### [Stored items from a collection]
= = = = =

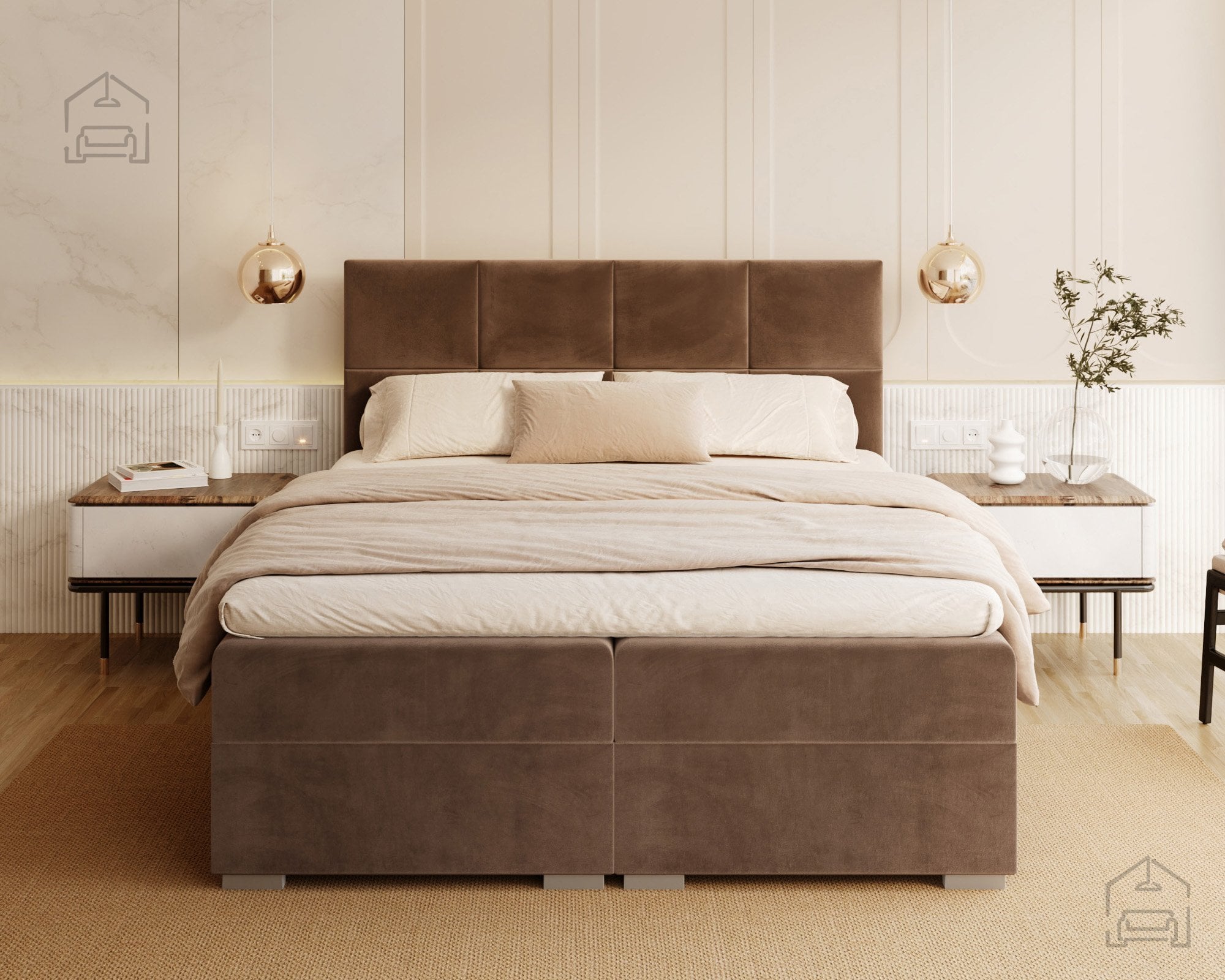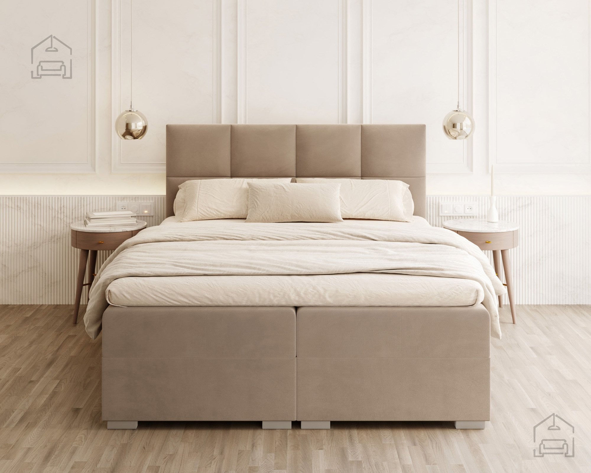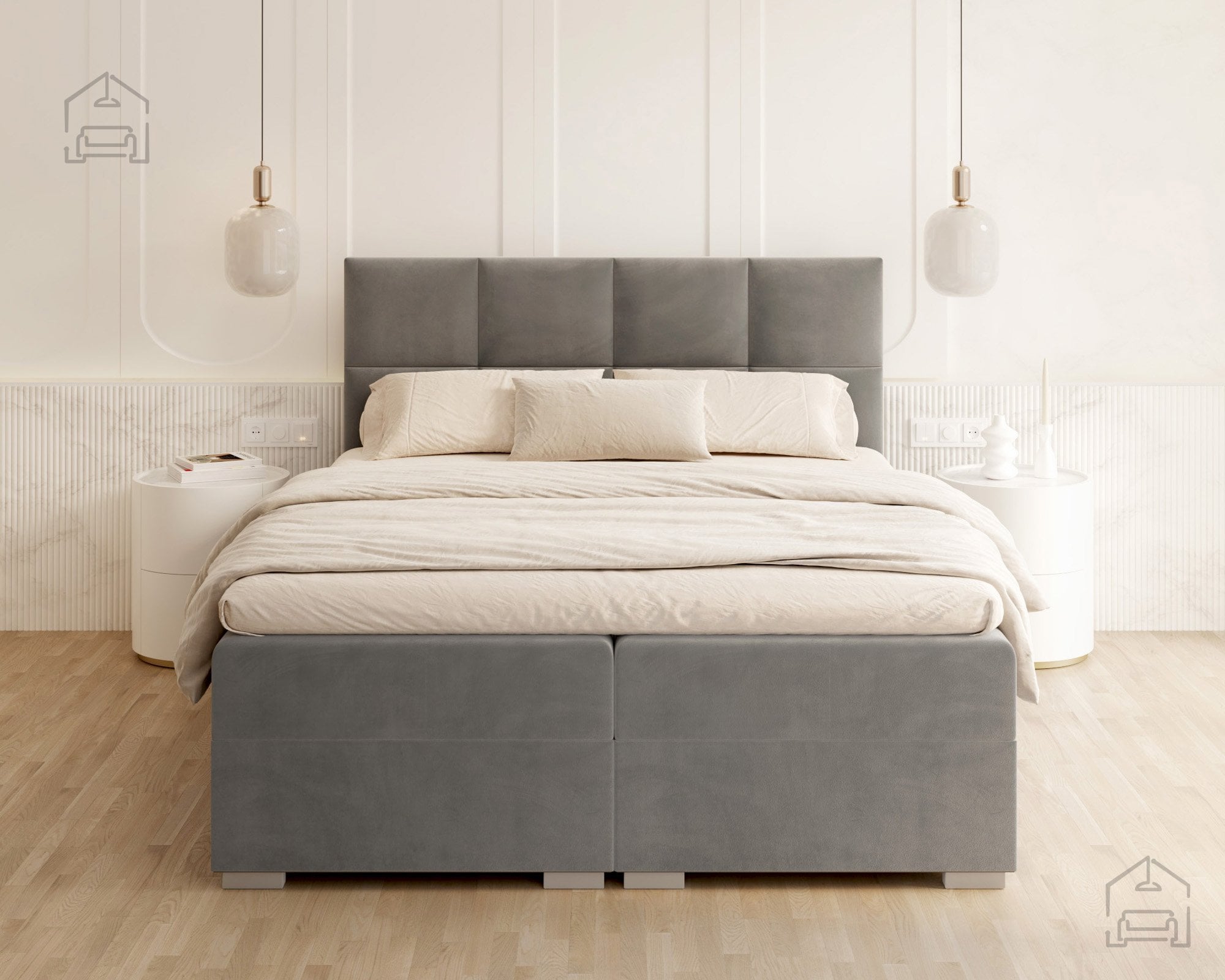 Vodoravno prešito vzglavje in sprednji del postelje ustvarjata vizualno ravnovesje in občutek urejenosti. Zaradi natančno izdelanih šivov in mehko oblazinjenih črt postelja izžareva sodoben značaj, ki se lepo ujema z različnimi notranjimi slogi – od minimalističnega do klasičnega. Na voljo je v več barvnih različicah in tkaninah, zato jo lahko enostavno prilagodite obstoječi opremi vaše spalnice. Ne glede na izbrano barvo vodoravne prešite linije poudarijo strukturo in dodajo pridih prefinjenosti.
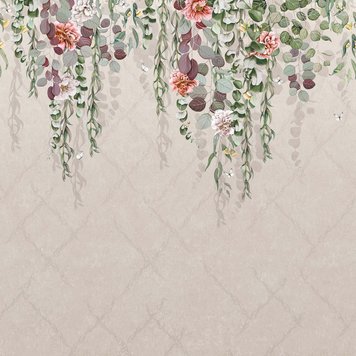 Blooming eucalyptus intertwines with peony blossoms and tiny white butterflies. The foliage falls on a textured wall, the leaves shadowing a delicate ombrÙ of color and a subtle trellis that collapses and collapses.
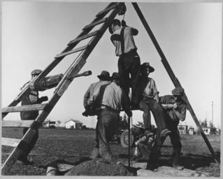 | Keywords: Olivehurst, Yuba County, California. Neighbors join in to help dig a well for family who still live . . . - NARA - 521593.jpg Scope and content Full caption reads as follows Olivehurst Yuba County California Neighbors join in to help dig a well for family who still live in their trailer General notes 521593 Local identifier 83-G-41352 Department of Agriculture Bureau of Agricultural Economics Division of Economic Information ca 1922 - ca 1953 NARA-Author Lange Dorothea 1895-1965 Photographer 1372774 <br /> Still Picture Records Section Special Media Archives Services Division NWCS-S National Archives at College Park 8601 Adelphi Road College Park MD 20740-6001 1940-02-21 Record group Record Group 83 Records of the Bureau of Agricultural Economics 1876 - 1959 Record group ARC 412 Photographic Prints Documenting Programs and Activities of the Bureau of Agricultural Economics and Predecessor Agencies compiled ca 1922 - ca 1947 documenting the period ca 1911 - ca 1947 Series ARC 521048 File unit File unit ARC Variant control numbers NAIL Control Number NWDNS-83-G-41352 Other versions <gallery> File Olivehurst _Yuba_County _California _Neighbors_join_in_to_help_dig_a_well_for_family_who_still_live_ _ _ _-_NARA_-_521593 tif tif File Olivehurst _Yuba_County _California _Neighbors_join_in_to_help_dig_a_well_for_family_who_still_live_ _ _ _-_NARA_-_521593 jpg jpg </gallery> NARA-cooperation PD-USGov Dorothea Lange History of Yuba County California |
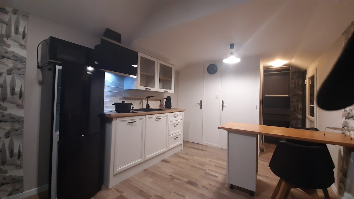 沉浸在放鬆的世界中⋯⋯ 想像一下,您舒適地坐在按摩浴缸裡,手裡拿著一杯香檳 您還可以享受按摩椅的舒適感,盡情放鬆。 這套公寓擁有舒適的閣樓氛圍,由一個設備齊全的廚房、一個浪漫的臥室和一個現代化的浴室組成。 在非典型的風格中享受完美的住宿,享受您應得的休息。 您準備好在安茹 (Anjou) 的中心探索我們的文化遺產了嗎
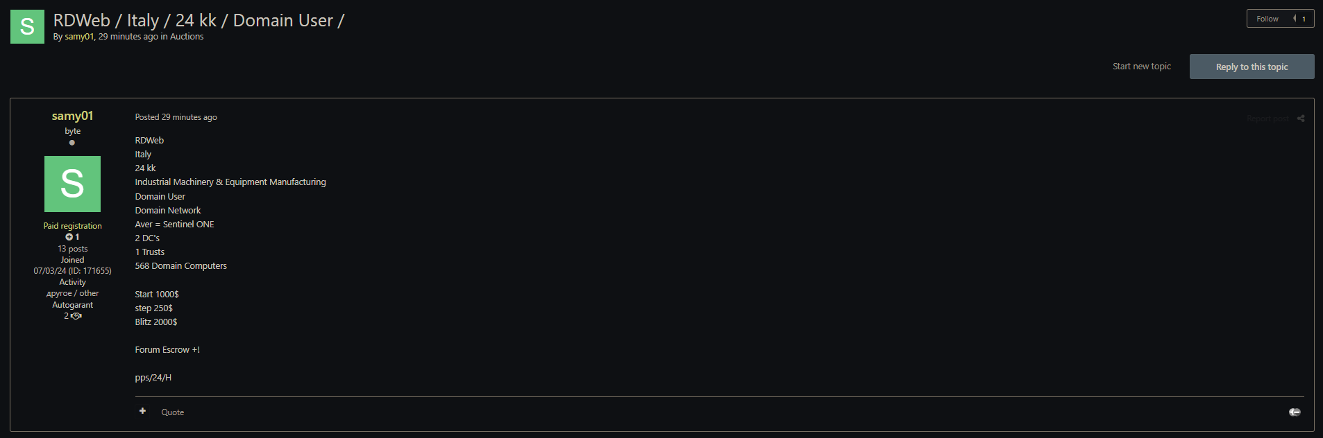 A threat actor identified as samy01 has posted an auction for unauthorized RDWeb access to an unidentified industrial machinery and equipment manufacturing company in Italy. The listing, posted on a known cybercrime forum, describes domain-level access to a sizable internal network, including domain controllers, trusted relationships, and SentinelOne-protected endpoints.

= = = = =

### [What the exercise asks]
Write out all the entries word for word, but drop the pictures.

### [Your solution]
 Vodoravno prešito vzglavje in sprednji del postelje ustvarjata vizualno ravnovesje in občutek urejenosti. Zaradi natančno izdelanih šivov in mehko oblazinjenih črt postelja izžareva sodoben značaj, ki se lepo ujema z različnimi notranjimi slogi – od minimalističnega do klasičnega. Na voljo je v več barvnih različicah in tkaninah, zato jo lahko enostavno prilagodite obstoječi opremi vaše spalnice. Ne glede na izbrano barvo vodoravne prešite linije poudarijo strukturo in dodajo pridih prefinjenosti.
 Blooming eucalyptus intertwines with peony blossoms and tiny white butterflies. The foliage falls on a textured wall, the leaves shadowing a delicate ombrÙ of color and a subtle trellis that collapses and collapses.
 | Keywords: Olivehurst, Yuba County, California. Neighbors join in to help dig a well for family who still live . . . - NARA - 521593.jpg Scope and content Full caption reads as follows Olivehurst Yuba County California Neighbors join in to help dig a well for family who still live in their trailer General notes 521593 Local identifier 83-G-41352 Department of Agriculture Bureau of Agricultural Economics Division of Economic Information ca 1922 - ca 1953 NARA-Author Lange Dorothea 1895-1965 Photographer 1372774 <br /> Still Picture Records Section Special Media Archives Services Division NWCS-S National Archives at College Park 8601 Adelphi Road College Park MD 20740-6001 1940-02-21 Record group Record Group 83 Records of the Bureau of Agricultural Economics 1876 - 1959 Record group ARC 412 Photographic Prints Documenting Programs and Activities of the Bureau of Agricultural Economics and Predecessor Agencies compiled ca 1922 - ca 1947 documenting the period ca 1911 - ca 1947 Series ARC 521048 File unit File unit ARC Variant control numbers NAIL Control Number NWDNS-83-G-41352 Other versions <gallery> File Olivehurst _Yuba_County _California _Neighbors_join_in_to_help_dig_a_well_for_family_who_still_live_ _ _ _-_NARA_-_521593 tif tif File Olivehurst _Yuba_County _California _Neighbors_join_in_to_help_dig_a_well_for_family_who_still_live_ _ _ _-_NARA_-_521593 jpg jpg </gallery> NARA-cooperation PD-USGov Dorothea Lange History of Yuba County California |
 沉浸在放鬆的世界中⋯⋯ 想像一下,您舒適地坐在按摩浴缸裡,手裡拿著一杯香檳 您還可以享受按摩椅的舒適感,盡情放鬆。 這套公寓擁有舒適的閣樓氛圍,由一個設備齊全的廚房、一個浪漫的臥室和一個現代化的浴室組成。 在非典型的風格中享受完美的住宿,享受您應得的休息。 您準備好在安茹 (Anjou) 的中心探索我們的文化遺產了嗎
 A threat actor identified as samy01 has posted an auction for unauthorized RDWeb access to an unidentified industrial machinery and equipment manufacturing company in Italy. The listing, posted on a known cybercrime forum, describes domain-level access to a sizable internal network, including domain controllers, trusted relationships, and SentinelOne-protected endpoints.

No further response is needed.